Un projet d'occupation et d'utilisation du sol ne sera autorisé que s'il satisfait en même temps à l'ensemble des règles édictées par le présent règlement et aux articles du Code de l'Urbanisme auquel il est fait explicitement référence. Cela peut empêcher, sur certaines parcelles d'utiliser totalement les possibilités prévues par certaines règles si une autre s'y oppose.
Le règlement applicable à chaque zone s'applique à tous les modes d'occupation et d'utilisation du sol, notamment : 1. les clôtures ; 2. les démolitions dans le périmètre des monuments historiques classés ou inscrits ; 3. les coupes et abattages d'arbres ; 4. les constructions : habitations, hôtels, équipements collectifs, commerces et artisanat, bureaux et services, entrepôts commerciaux industriels, de stationnement, agricole... 5. les lotissements à vocation d'habitat, d'artisanat ou industriel ; 6. les installations classées soumises à autorisation ou à déclaration ; 7. le stationnement des caravanes isolées ; 8. les terrains de camping, de caravanage et les habitations légères de loisirs ; 9. les parcs de loisirs, affouillements et exhaussements des sols, dépôts de véhicules ; 10. les carrières ; 11. les éléments du paysage identifiés en application du 7° de l’article L.123-1-5 du Code de l’Urbanisme.

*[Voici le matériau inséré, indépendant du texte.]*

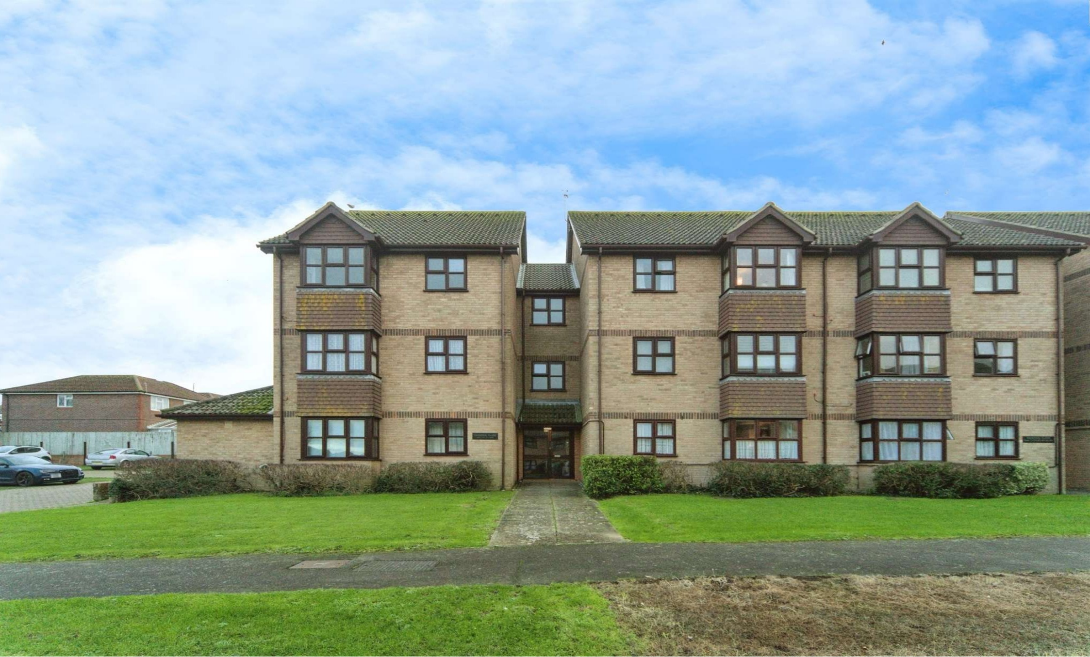
Snowdon Close, Eastbourne BN23 8HW

TITRE I : DISPOSITIONS GÉNÉRALES
REGLEMENT DES ZONES
Le règlement peut comprendre tout ou partie des règles suivantes :
Article 1 : Occupations et utilisations interdites
Article 2 : Occupations et utilisations du sol soumises à conditions particulières
Article 3 : Les conditions de desserte des terrains par les voies publiques ou privées et d'accès aux voies ouvertes au public
Article 4 : Les conditions de desserte des terrains par les réseaux publics d'eau, d'électricité et d'assainissement, ainsi que, dans les zones relevant de l'assainissement non collectif délimitées en application de l'article L. 2224-10 du code général des collectivités territoriales, les conditions de réalisation d'un assainissement individuel
Article 5 : La superficie minimale des terrains constructibles, lorsque cette règle est justifiée par des contraintes techniques relatives à la réalisation d'un dispositif d'assainissement non collectif ou lorsque cette règle est justifiée pour préserver l'urbanisation traditionnelle ou l'intérêt paysager de la zone considérée
Article 6 : L'implantation des constructions par rapport aux voies et emprises publiques
Article 7 : L'implantation des constructions par rapport aux limites séparatives
Article 8 : L'implantation des constructions les unes par rapport aux autres sur une même propriété
Article 9 : L’emprise au sol des constructions
Article 10 : La hauteur maximale des constructions
Article 11 : L'aspect extérieur des constructions et l'aménagement de leurs abords ainsi que, éventuellement, les prescriptions de nature à assurer la protection des éléments de paysage, des quartiers, îlots, immeubles, espaces publics, monuments, sites et secteurs à protéger mentionnés au i de l'article R. 123-11
Article 12 : Les obligations imposées aux constructeurs en matière de réalisation d'aires de stationnement
Article 13 : Les obligations imposées aux constructeurs en matière de réalisation d'espaces libres, d'aires de jeux et de loisirs, et de plantations
Article 14 : Le coefficient d'occupation du sol défini par l'article R. 123-10 et, le cas échéant, dans les zones d'aménagement concerté, la surface de plancher développée hors œuvre nette dont la construction est autorisée dans chaque îlot.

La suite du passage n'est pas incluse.